Epigenetic modification in skeletal muscle induced by environmental factors seems to modulate several metabolic pathways that underlie Type 2 Diabetes Mellitus (T2DM) development. Mitochondrial biogenesis is an important process for maintaining lipid metabolism homeostasis, as well as epigenetic modifications in proteins that regulate this pathway have been observed in the skeletal muscle of T2DM subjects.

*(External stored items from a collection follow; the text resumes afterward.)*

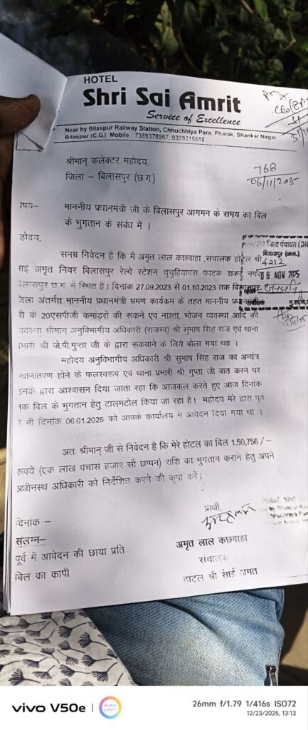बिलासपुर,,,, SDM और थानेदार का तबादला हो गया… कलेक्टर और जिम्मेदार सुन नहीं रहे है! इधर चूचूहियापारा साईं होटल का संचालक पिछले 2 साल से विधानसभा चुनाव के लंबित 150 लाख के बकाया भुगतान के लिए अफसरों के चक्कर काट रहा है! मामला 2023 विधानसभा चुनाव के दौरान PM मोदी की सुरक्षा के लगे SPG कमांडो की टिम को ठहराने और उनके खानपान के बिल का है!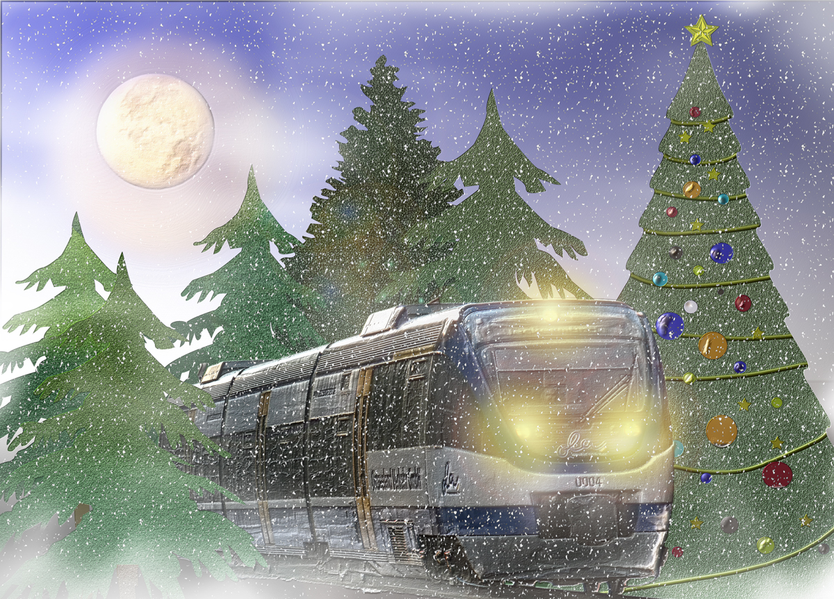 eine wunderschöne Aufnahme von dem farbenfrohen Triebzug.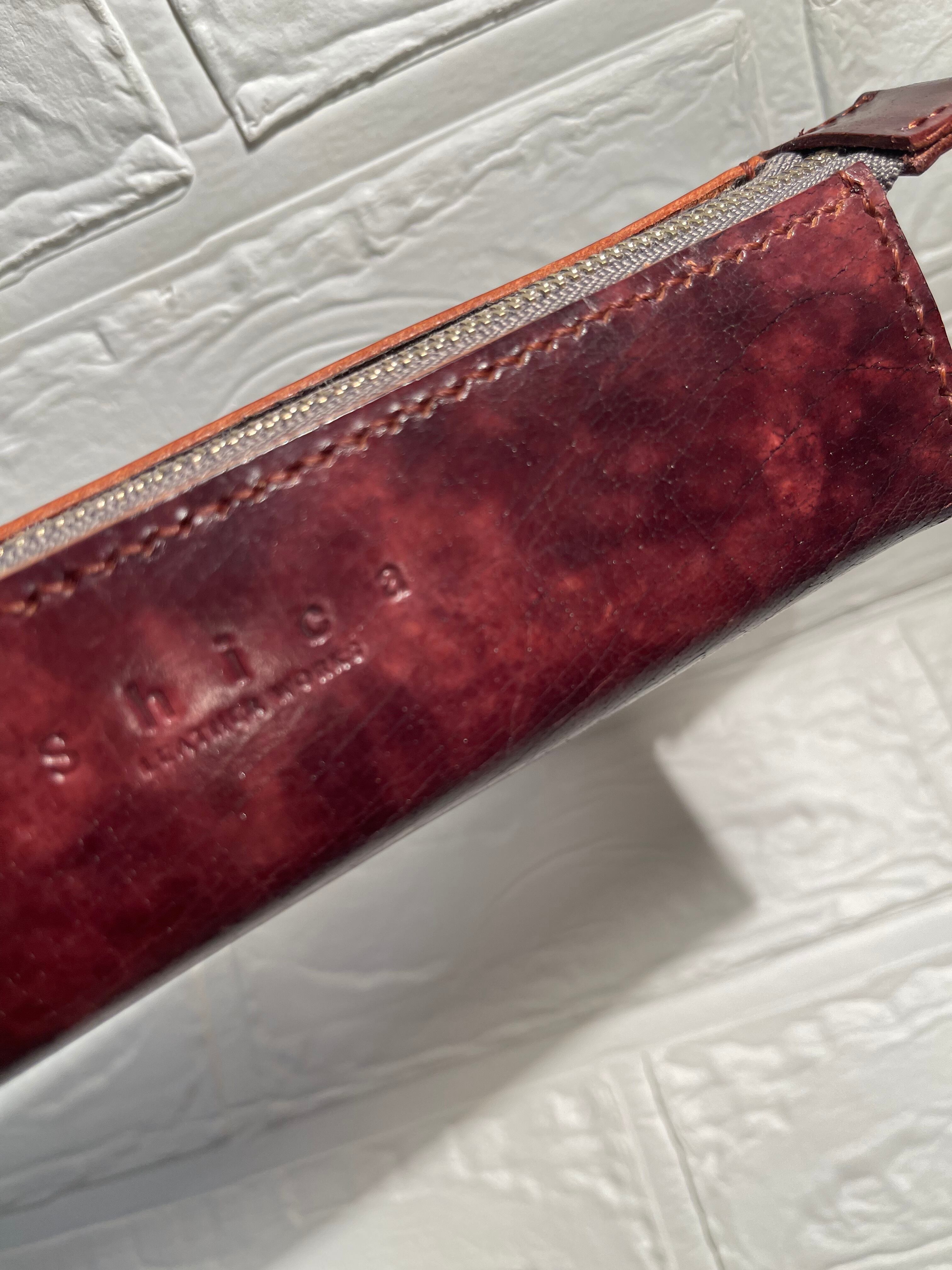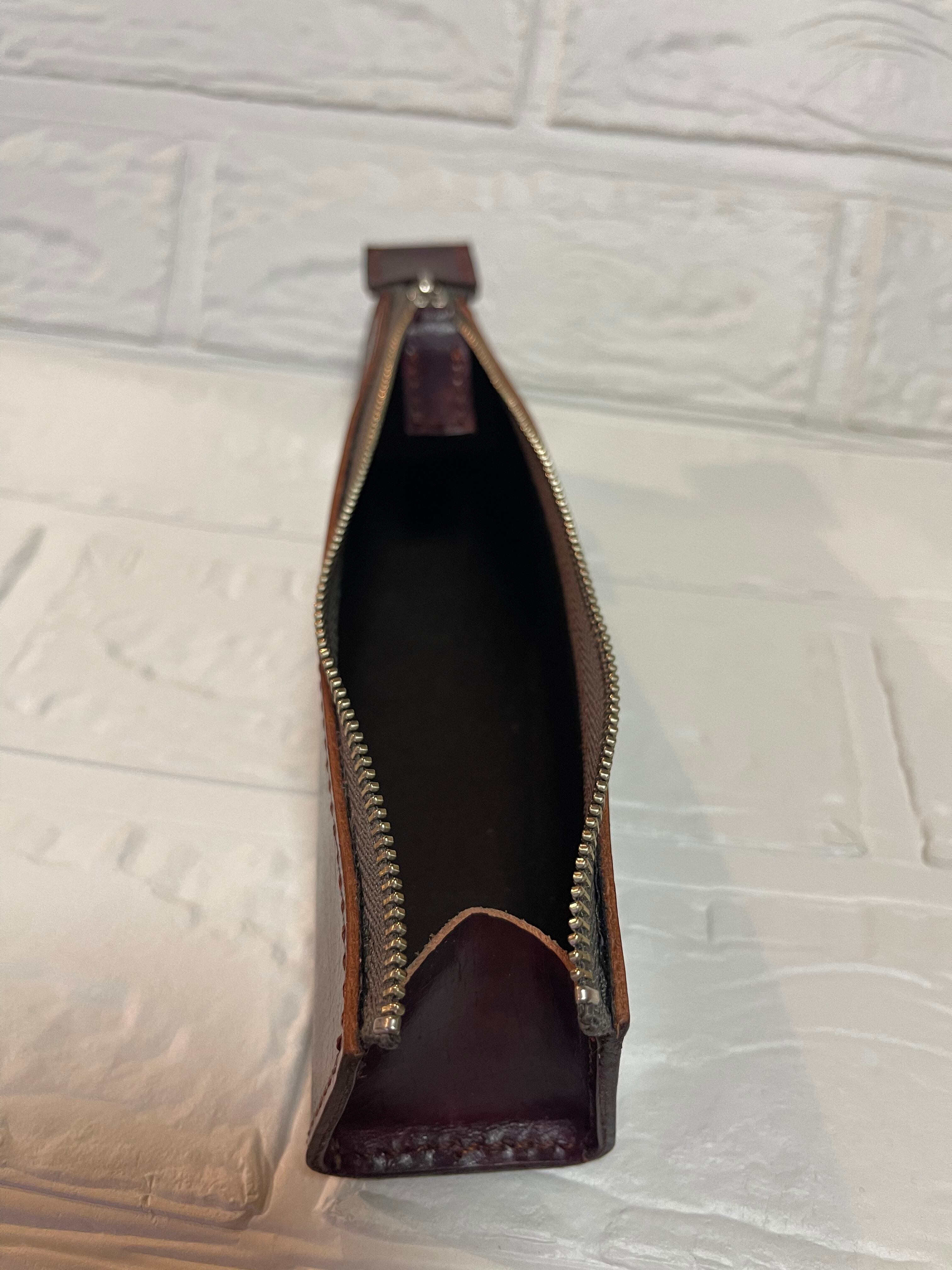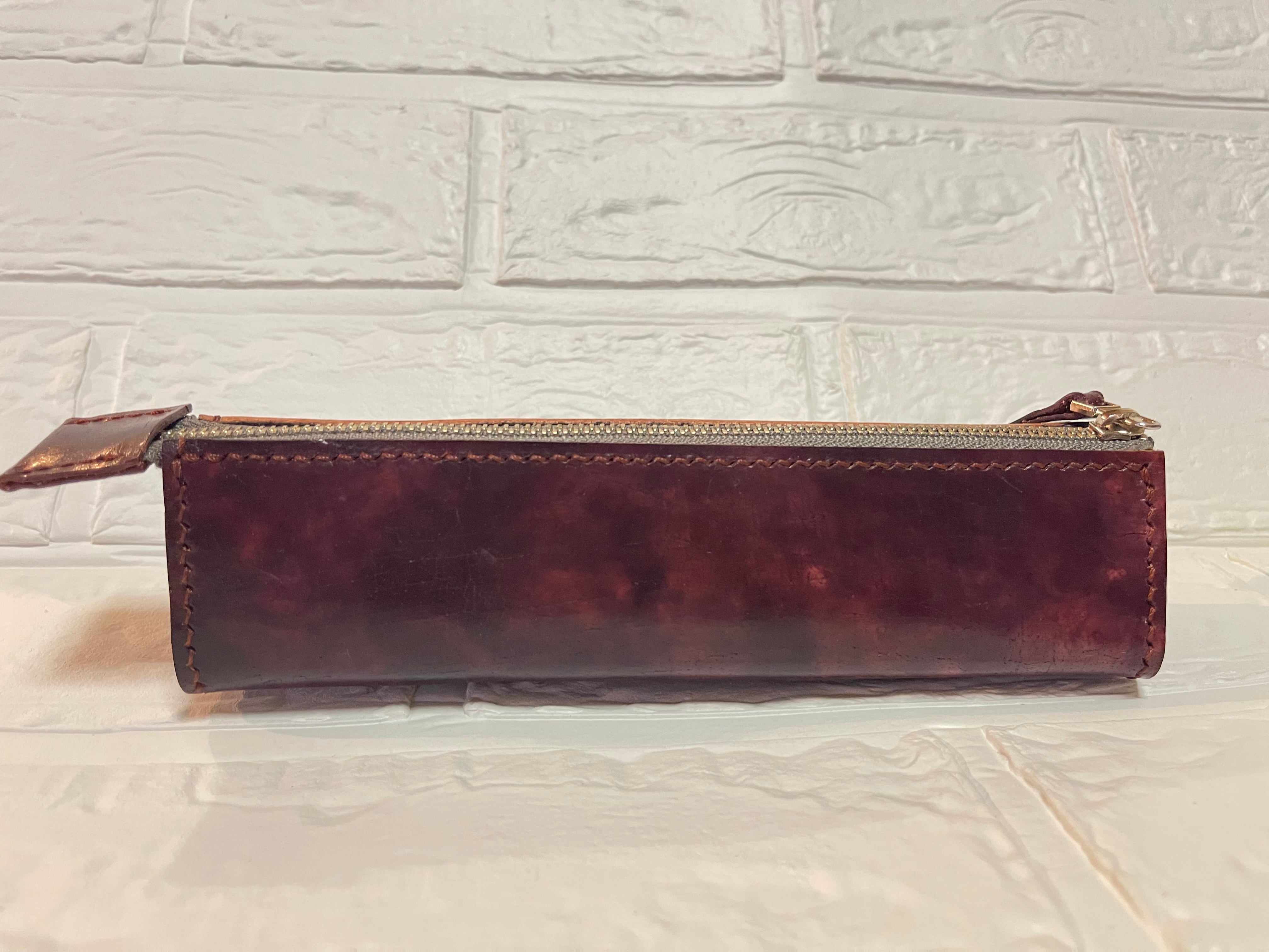アンティーク調に染め上げたヌメ革を使ったペンケースになります。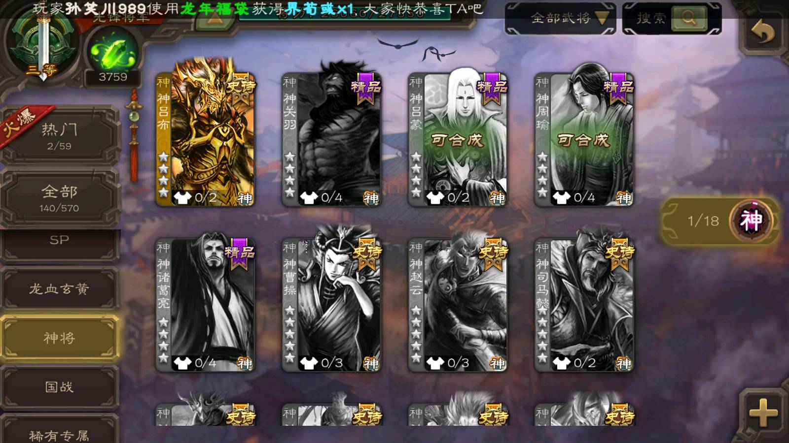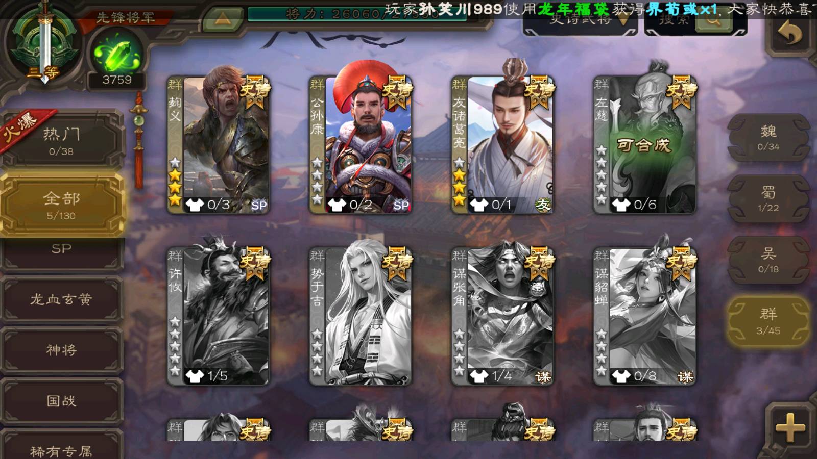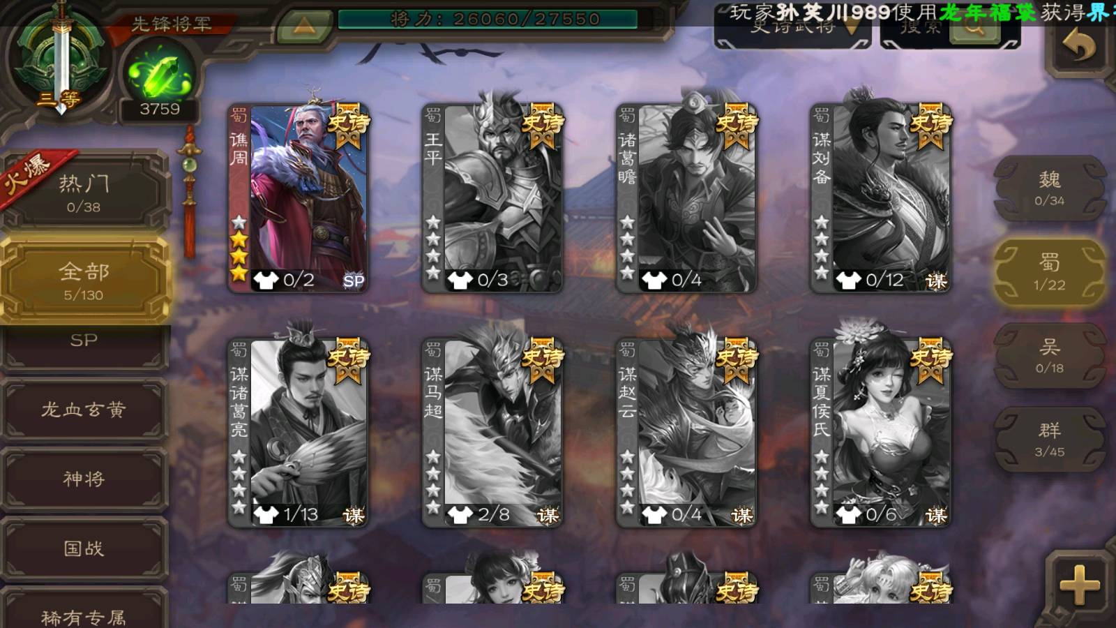 商品编号21927 全部皮肤108,动态皮肤3,全部武将140,排位武将48,国战武将55,史诗武将5,将魂3.7k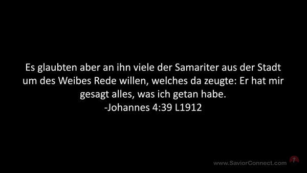 Es glaubten aber an ihn viele der Samariter aus der Stadt um des Weibes Rede willen, welches da zeugte: Er hat mir gesagt alles, was ich getan habe. -Johannes 4:39 L1912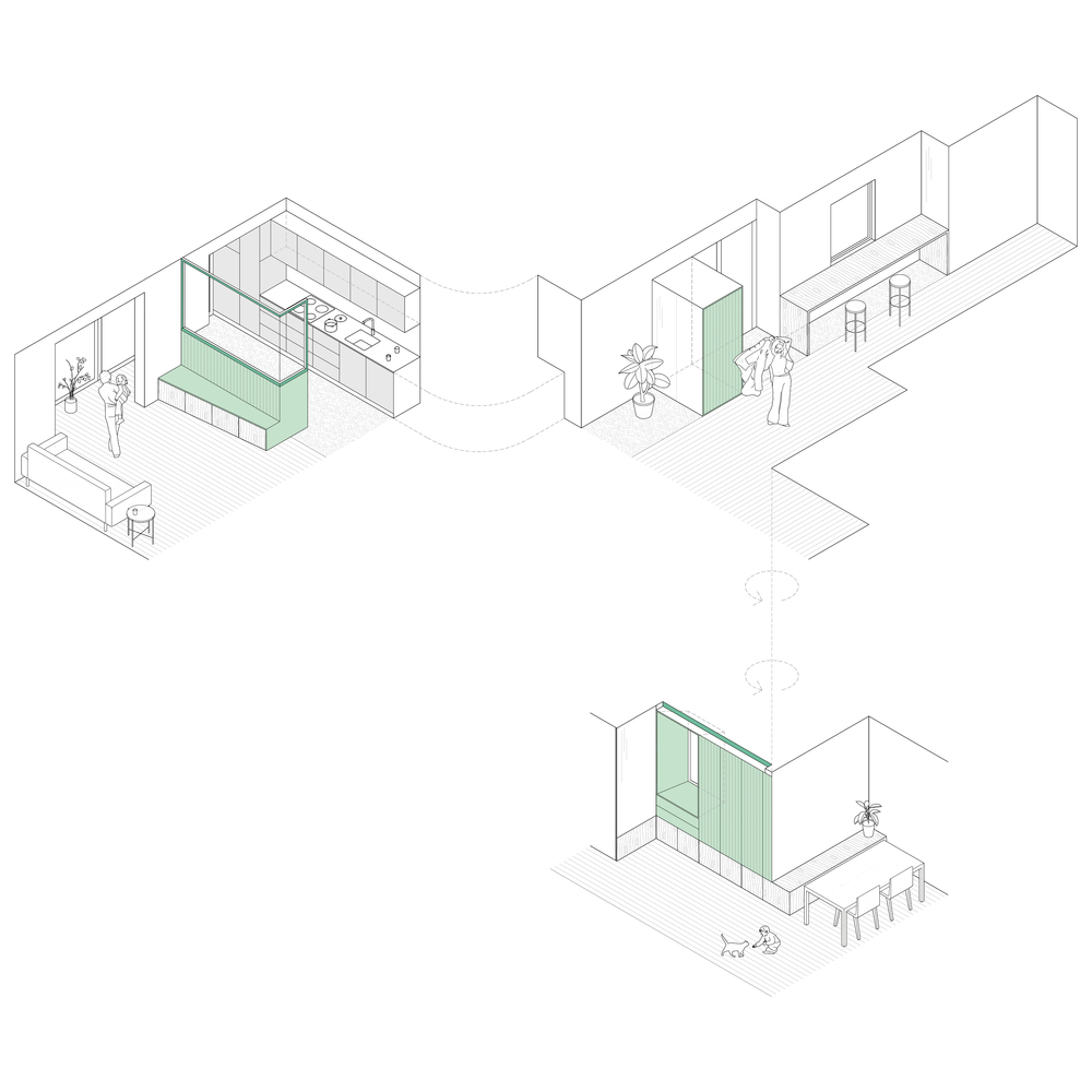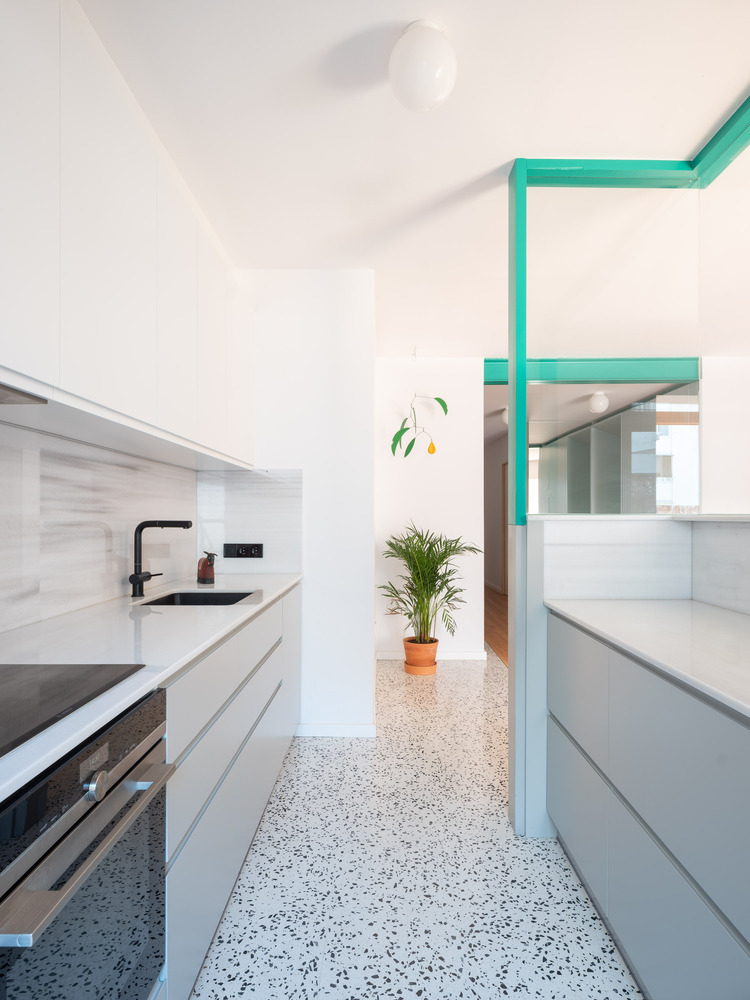 Jika ingin memberikan zoning pada salah satu area seperti pantry namun tetap ingin elemen desain yang selaras dengan keseluruhan rumah, gunakan material teraso pada lantai dengan corak dasar berwarna putih.

Moreover, physical exercise affects several metabolic pathways attenuating metabolic deregulation observed in T2DM. The pathways that regulate mitochondrial homeostasis are one of the key components for understanding such physical exercise beneficial effects. Thus, in this study, we investigate the epigenetic mechanisms underlying mitochondrial biogenesis in the skeletal muscle in T2DM, focusing on histone modifications and the possible mechanisms by which physical exercise delay or inhibit T2DM onset. The results indicate that exercise promotes improvements in cellular metabolism through increasing enzymes of the antioxidant system, AMPK and ATP-citrate lyase activity, Acetyl-CoA concentration, and enhancing the acetylation of histones. A key mediator of mitochondrial biogenesis such as peroxisome proliferator-activated receptor γ coactivator-1α (PGC1) seems to be upregulated by exercise in T2DM and such factor positively regulates the skeletal muscle mitochondrial biogenesis, which improves energy metabolism and glucose homeostasis inhibiting or delaying insulin resistance and further T2DM.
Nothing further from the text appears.